Love completed her collegiate track and field career ranked among the best all-time in the UNLV record books, including: first in the outdoor 4x100m relay (43.81), third in the indoor 4x400m relay (3:38.65), fourth in the indoor 60m (7.38); and fifth in the outdoor 4x400m relay (3:35.35). She finished her UNLV career with the following indoor personal bests: 60m in 7.33, 200m in 23.71, and high jump of 1.55m. Her UNLV outdoor personal bests included: 100m in 11.47, 200m in 23.66, and high jump of 1.71m.

== Bobsled career ==
Love did not begin bobsledding until age 23 when she was invited to a 12-day USA Bobsled rookie push camp in Lake Placid, New York, in October 2020 after the encouragement of her UNLV track coach, Larry Wade. Shortly after that, a representative of the USA bobsled team, also recognizing Love’s talent as a sprinter, reached out and invited her to a virtual bobsled combine, where she further impressed Team USA coaches. Shortly after that, she was invited to compete in the North American Cup Circuit, then on the U.S. World Cup Team.

On November 28, 2021, she made her International Bobsleigh & Skeleton Federation (IBSF) World Cup debut in Innsbruck, Austria, competing with pilot Elana Meyers Taylor in the two-woman bobsled, in which they placed fifth. On December 5, 2021, she and pilot Kaillie Humphries finished in first place at the IBSF World Cup competition, Love’s second career World Cup event, in Altenberg, Germany. She finished sixth or better in each of her six career bobsled races before the 2022 Winter Olympics.

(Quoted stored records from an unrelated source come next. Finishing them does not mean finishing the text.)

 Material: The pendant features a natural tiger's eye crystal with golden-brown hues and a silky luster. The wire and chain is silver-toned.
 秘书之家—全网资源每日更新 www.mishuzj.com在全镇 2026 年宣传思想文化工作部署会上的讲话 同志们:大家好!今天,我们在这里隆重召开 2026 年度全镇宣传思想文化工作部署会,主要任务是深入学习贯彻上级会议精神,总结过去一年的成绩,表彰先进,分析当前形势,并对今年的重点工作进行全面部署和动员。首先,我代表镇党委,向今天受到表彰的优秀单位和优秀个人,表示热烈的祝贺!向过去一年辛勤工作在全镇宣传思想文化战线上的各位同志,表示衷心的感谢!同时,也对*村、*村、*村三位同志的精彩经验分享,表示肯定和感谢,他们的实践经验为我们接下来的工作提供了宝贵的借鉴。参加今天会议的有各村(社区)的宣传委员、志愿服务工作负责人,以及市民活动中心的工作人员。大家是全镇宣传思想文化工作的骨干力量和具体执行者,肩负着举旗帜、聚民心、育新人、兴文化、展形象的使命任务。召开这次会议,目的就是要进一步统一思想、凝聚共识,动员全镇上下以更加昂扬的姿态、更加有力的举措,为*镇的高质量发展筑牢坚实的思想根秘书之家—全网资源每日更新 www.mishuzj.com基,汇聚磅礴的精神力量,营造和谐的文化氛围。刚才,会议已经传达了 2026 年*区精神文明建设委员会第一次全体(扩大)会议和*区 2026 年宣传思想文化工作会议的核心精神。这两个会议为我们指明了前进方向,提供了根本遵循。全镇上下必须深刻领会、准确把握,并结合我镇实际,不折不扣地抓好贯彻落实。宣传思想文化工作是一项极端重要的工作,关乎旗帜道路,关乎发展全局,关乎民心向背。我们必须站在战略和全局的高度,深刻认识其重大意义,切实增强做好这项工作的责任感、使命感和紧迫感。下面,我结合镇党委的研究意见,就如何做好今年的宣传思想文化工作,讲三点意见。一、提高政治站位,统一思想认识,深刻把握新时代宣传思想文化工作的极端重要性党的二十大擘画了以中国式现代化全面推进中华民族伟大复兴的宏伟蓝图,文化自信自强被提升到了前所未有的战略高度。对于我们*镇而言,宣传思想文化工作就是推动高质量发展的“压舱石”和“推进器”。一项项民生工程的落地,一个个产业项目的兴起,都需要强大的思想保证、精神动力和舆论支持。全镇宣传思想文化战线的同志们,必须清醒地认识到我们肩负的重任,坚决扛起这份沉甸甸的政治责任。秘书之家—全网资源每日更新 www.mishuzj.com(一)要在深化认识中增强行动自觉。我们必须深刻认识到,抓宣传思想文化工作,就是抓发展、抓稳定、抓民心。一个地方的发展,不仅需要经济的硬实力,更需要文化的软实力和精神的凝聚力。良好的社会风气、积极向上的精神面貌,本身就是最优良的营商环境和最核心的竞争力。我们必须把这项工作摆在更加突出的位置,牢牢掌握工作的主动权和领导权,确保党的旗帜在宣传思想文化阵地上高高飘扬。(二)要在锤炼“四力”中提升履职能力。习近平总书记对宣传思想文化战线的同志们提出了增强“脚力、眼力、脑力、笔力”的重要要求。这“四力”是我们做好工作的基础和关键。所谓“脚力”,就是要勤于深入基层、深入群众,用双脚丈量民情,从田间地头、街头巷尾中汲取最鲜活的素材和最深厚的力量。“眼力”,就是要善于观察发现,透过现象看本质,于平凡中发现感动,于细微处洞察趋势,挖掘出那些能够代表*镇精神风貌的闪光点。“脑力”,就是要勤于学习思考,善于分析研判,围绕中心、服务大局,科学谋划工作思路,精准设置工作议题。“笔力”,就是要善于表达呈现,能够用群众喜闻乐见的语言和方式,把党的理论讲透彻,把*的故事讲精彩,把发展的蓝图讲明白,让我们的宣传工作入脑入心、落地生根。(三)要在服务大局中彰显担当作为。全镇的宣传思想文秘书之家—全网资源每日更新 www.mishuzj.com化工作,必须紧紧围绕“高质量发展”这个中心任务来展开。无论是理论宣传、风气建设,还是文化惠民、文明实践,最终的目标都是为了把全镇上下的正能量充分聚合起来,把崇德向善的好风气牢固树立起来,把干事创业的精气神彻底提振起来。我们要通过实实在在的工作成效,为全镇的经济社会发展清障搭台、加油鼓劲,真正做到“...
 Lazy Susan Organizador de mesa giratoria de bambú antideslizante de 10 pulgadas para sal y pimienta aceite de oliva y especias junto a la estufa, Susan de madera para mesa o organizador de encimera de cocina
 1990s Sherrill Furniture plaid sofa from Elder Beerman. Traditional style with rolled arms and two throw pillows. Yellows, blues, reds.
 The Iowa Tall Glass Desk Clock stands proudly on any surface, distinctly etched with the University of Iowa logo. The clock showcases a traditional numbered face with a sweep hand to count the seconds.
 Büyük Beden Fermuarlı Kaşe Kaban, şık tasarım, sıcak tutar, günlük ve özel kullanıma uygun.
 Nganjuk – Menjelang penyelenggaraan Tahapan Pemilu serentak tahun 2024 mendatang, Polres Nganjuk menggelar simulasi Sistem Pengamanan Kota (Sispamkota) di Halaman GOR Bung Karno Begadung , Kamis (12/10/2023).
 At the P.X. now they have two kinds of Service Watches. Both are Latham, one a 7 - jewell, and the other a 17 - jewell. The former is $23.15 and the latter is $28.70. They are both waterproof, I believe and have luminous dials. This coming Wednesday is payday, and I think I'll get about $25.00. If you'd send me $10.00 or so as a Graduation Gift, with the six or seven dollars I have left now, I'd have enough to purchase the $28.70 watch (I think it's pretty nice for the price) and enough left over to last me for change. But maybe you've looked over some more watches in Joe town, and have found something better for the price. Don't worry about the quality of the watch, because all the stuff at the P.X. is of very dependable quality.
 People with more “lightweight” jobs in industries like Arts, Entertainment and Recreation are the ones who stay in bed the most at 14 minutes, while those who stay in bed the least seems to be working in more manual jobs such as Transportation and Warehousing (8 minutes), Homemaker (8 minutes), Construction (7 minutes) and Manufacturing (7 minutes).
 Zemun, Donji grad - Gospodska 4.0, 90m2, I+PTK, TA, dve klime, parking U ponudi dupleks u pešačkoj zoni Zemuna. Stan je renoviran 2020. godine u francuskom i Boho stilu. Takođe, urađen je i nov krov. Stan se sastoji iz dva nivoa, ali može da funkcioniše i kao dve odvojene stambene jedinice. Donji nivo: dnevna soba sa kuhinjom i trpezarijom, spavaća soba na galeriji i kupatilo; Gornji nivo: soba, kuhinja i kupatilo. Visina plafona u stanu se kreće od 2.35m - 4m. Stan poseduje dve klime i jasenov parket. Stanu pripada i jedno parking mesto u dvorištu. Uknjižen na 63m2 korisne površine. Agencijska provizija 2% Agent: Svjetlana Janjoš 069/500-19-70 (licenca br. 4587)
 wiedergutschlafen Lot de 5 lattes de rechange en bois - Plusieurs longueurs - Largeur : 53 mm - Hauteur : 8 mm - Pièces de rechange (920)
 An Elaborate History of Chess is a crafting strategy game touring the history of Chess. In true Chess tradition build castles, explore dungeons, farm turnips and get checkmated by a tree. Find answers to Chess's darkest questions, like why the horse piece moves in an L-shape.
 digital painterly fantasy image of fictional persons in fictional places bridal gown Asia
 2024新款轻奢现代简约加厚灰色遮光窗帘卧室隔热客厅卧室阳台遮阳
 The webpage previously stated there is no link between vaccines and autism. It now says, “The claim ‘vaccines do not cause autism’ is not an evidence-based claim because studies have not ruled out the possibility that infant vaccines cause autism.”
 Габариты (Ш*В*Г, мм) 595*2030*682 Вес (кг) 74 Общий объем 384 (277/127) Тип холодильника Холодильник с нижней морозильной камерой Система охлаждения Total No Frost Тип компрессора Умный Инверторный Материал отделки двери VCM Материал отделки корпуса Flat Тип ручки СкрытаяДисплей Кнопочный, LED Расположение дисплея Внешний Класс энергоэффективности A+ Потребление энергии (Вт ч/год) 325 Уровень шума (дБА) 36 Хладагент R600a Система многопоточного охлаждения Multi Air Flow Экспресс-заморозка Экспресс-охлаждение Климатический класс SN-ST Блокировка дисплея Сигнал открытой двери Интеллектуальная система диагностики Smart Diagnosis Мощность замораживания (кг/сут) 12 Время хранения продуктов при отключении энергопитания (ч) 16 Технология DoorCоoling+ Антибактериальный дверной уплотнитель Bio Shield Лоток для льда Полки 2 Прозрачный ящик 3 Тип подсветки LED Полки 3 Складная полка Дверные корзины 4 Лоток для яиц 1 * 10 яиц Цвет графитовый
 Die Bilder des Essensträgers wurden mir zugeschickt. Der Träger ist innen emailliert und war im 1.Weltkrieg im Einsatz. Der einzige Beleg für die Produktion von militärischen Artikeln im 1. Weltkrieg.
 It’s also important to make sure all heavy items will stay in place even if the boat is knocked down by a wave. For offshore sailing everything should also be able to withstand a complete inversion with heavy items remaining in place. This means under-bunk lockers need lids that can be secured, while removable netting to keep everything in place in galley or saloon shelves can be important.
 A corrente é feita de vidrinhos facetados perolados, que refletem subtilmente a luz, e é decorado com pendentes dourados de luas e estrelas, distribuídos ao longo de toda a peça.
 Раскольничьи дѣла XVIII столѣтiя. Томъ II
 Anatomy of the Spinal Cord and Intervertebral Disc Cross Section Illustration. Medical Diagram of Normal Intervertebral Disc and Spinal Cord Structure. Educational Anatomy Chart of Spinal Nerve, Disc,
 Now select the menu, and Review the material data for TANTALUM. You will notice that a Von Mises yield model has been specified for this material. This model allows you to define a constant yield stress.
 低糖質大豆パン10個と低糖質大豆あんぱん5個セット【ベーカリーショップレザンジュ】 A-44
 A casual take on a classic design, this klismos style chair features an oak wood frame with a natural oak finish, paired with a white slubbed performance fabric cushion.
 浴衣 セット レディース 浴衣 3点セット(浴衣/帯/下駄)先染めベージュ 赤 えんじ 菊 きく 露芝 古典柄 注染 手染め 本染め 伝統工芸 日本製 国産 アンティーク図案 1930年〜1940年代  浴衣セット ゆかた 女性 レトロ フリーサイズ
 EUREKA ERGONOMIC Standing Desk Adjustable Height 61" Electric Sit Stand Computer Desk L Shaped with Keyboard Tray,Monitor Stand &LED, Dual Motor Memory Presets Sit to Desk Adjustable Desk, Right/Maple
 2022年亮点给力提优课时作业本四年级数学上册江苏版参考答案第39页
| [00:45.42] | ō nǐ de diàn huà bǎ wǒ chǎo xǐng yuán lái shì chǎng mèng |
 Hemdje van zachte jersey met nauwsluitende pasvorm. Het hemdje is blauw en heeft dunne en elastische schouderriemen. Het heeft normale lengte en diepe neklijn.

On January 17, 2022, after competing in just six bobsled races in her career, Love was named to the U.S. Olympic bobsled team to compete in the 2022 Winter Olympics in Beijing. She was the first Utah native to become an Olympic bobsledder since Steven Holcomb, at one time the most decorated bobsledder in U.S. history. On February 18, 2022, less than 18 months after the commencement of her bobsled career, she made her Olympic debut in the two-women bobsled competition as she competed as the brakewoman alongside her teammate pilot, Kaillie Humphries.

On December 18, 2022, Love and Humphries finished in first place at the IBSF World Cup competition in Lake Placid, New York. It was Love's second World Cup victory and her first appearance on the circuit during the 2022–23 Bobsleigh World Cup. She is beginning the transition from push athlete to driver after competing as a driver on the lower-level North American Cup this fall.

Love represented the United States at the IBSF World Championships 2025 and won a gold medal in the monobob with a time of 3:57.82. She defeated two-time defending IBSF World Champion Laura Nolte by 0.44 seconds.

She was named in the United States team for the 2026 Winter Olympics. Love finished seventh in the monobob and fifth in two-woman.

== Personal life ==
In high school, she maintained at least a 3.75 GPA all four years and graduated in the top 100 students of Herriman’s class of 2016. She also earned Herriman’s Outstanding Mustang Award. In 2021, she graduated from UNLV with a bachelor’s degree in Hospitality.

Love comes from a family of athletes. Her mother, father, and sister, Jasmyne, all played sports collegiately. Her mother (maiden name Johnston) played basketball at Salt Lake Community College. Her father played basketball at Utah Valley University. Jasmyne played volleyball at Salt Lake Community College and Cal State-East Bay.